## [What to produce]
Line by line, the data below should be set down unchanged, with images excluded.

## [Dataset extract]

◇ ◇ ◇ ◇ ◇ ◇ ◇

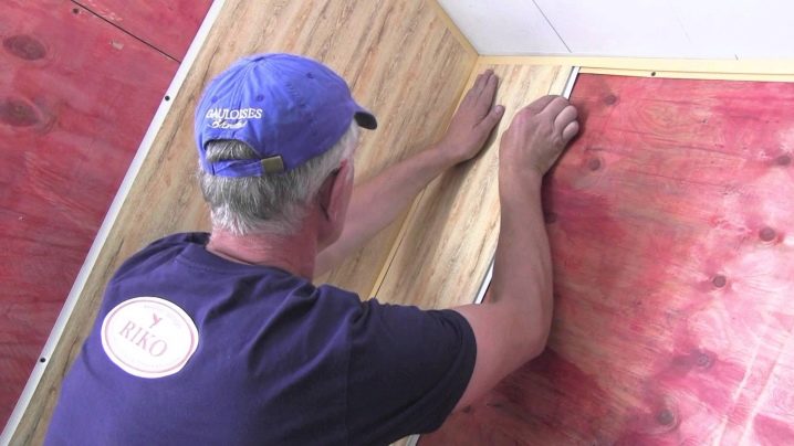 Препоръчва се също така да се обезмасли както повърхността на стената, върху която ще бъде залепен панелът, така и самата PVC лента. В случай, че ситуацията тече и не е възможно стените да се подравнят с тавана, можете да направите дървена или пластмасова щайга и върху нея вече да залепите PVC панели. Заслужава да се спомене, че работата с дърво изисква обработка на материала със специален противогъбичен състав..
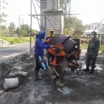 Pati – Teriknya matahari yang cukup menyengat di Desa Tamansari, Kecamatan Jaken, Kabupaten Pati, Jawa Tengah sangat dirasakan oleh Satgas TNI Manunggal
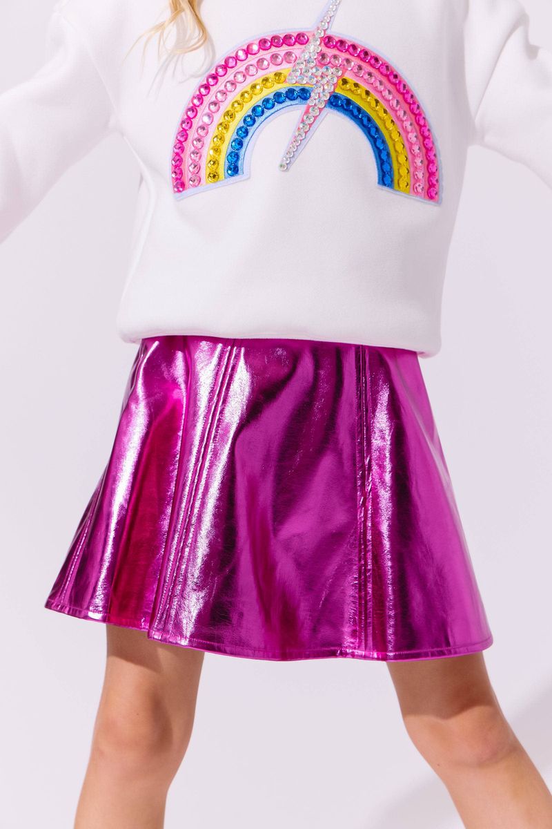 Bold and vibrant hot pink metallic skirt with a flared silhouette for a fun, statement-making look.
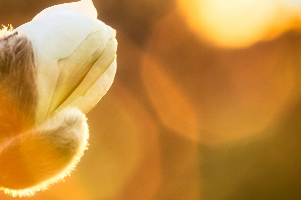 Eine Magnolie in Knospe während des Sonnenuntergangs.

◇ ◇ ◇ ◇ ◇ ◇ ◇

## [Exercise solution]
 Препоръчва се също така да се обезмасли както повърхността на стената, върху която ще бъде залепен панелът, така и самата PVC лента. В случай, че ситуацията тече и не е възможно стените да се подравнят с тавана, можете да направите дървена или пластмасова щайга и върху нея вече да залепите PVC панели. Заслужава да се спомене, че работата с дърво изисква обработка на материала със специален противогъбичен състав..
 Pati – Teriknya matahari yang cukup menyengat di Desa Tamansari, Kecamatan Jaken, Kabupaten Pati, Jawa Tengah sangat dirasakan oleh Satgas TNI Manunggal
 Bold and vibrant hot pink metallic skirt with a flared silhouette for a fun, statement-making look.
 Eine Magnolie in Knospe während des Sonnenuntergangs.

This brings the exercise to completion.